Jan 03, 2025  
2024-2025 Undergraduate Catalog 
    
2024-2025 Undergraduate Catalog

SOCI 215 - Introduction to Medical Sociology

3 Credits

(Every semester)
Prerequisite(s): None. What is the difference between illness and disease? Does poverty lead to illness, or does illness lead to poverty? How does society contribute to the well-being of people’s health? In this course, we understand health from a sociological lens, which concentrates on larger patterns over individual behaviors. Therefore, you will understand health issues as a public problem rather than an individual issue by analyzing the role of healthcare providers, healthcare systems, pharmaceutical companies, economics, and politics in shaping the discussion on health and wellbeing.

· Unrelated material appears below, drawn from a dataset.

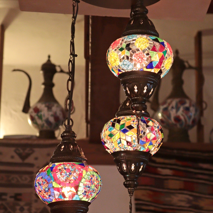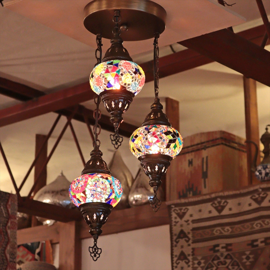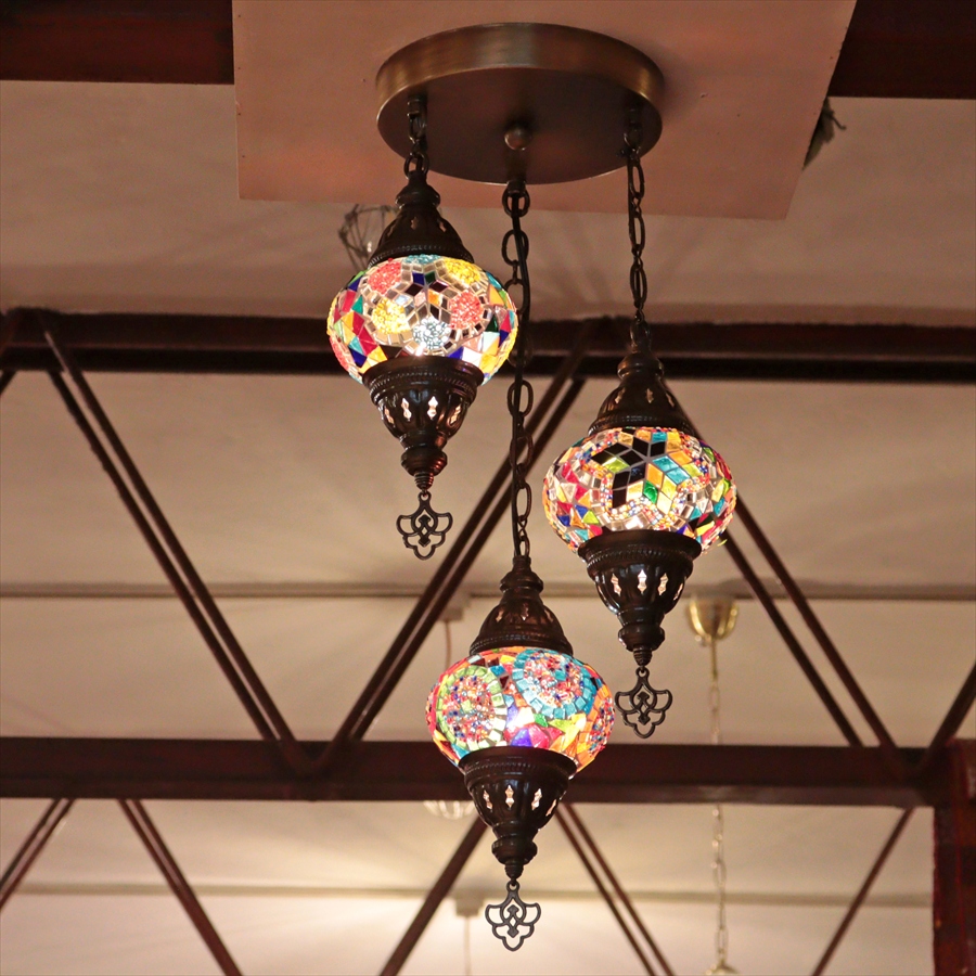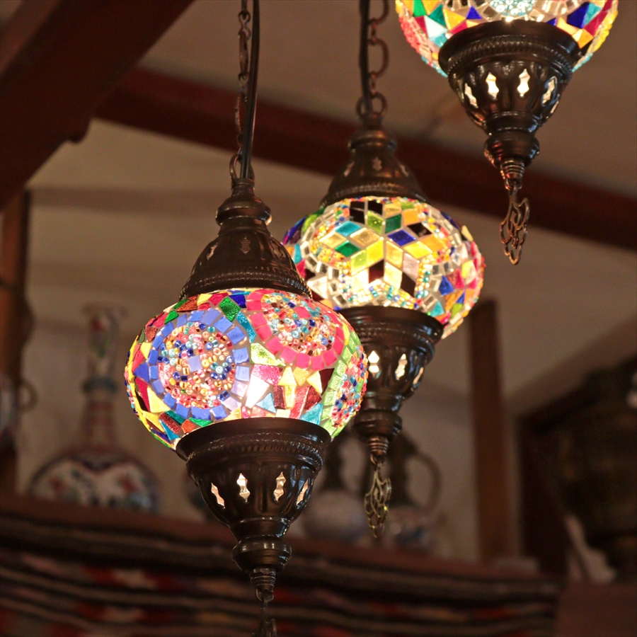Key:トルコランプ モザイクランプ 天井照明 シャンデリア 吹き抜け用照明 ガラスシェード ペンダントライト シーリングライト ランプ ライト 照明 インテリア エスニック オリエンタル

In addition, you will be introduced to the theoretical assumptions of life chances vs. life choices, and which is a more comprehensive perspective in comprehending health behaviors. Also, this course will shed light on health inequities by race, gender, class, and age. Common ailments that hinder the lifestyles of African-Americans, Native Americans, and Latinx communities are discussed. With much of the discourse circulating around socialized medicine and universal healthcare in comparison to privatized healthcare, you will walk away from this class knowing the developed countries that implement which type of healthcare system. Lastly, a difficult discussion will take place on mental health, along with best practices for coping on an individual and institutional level.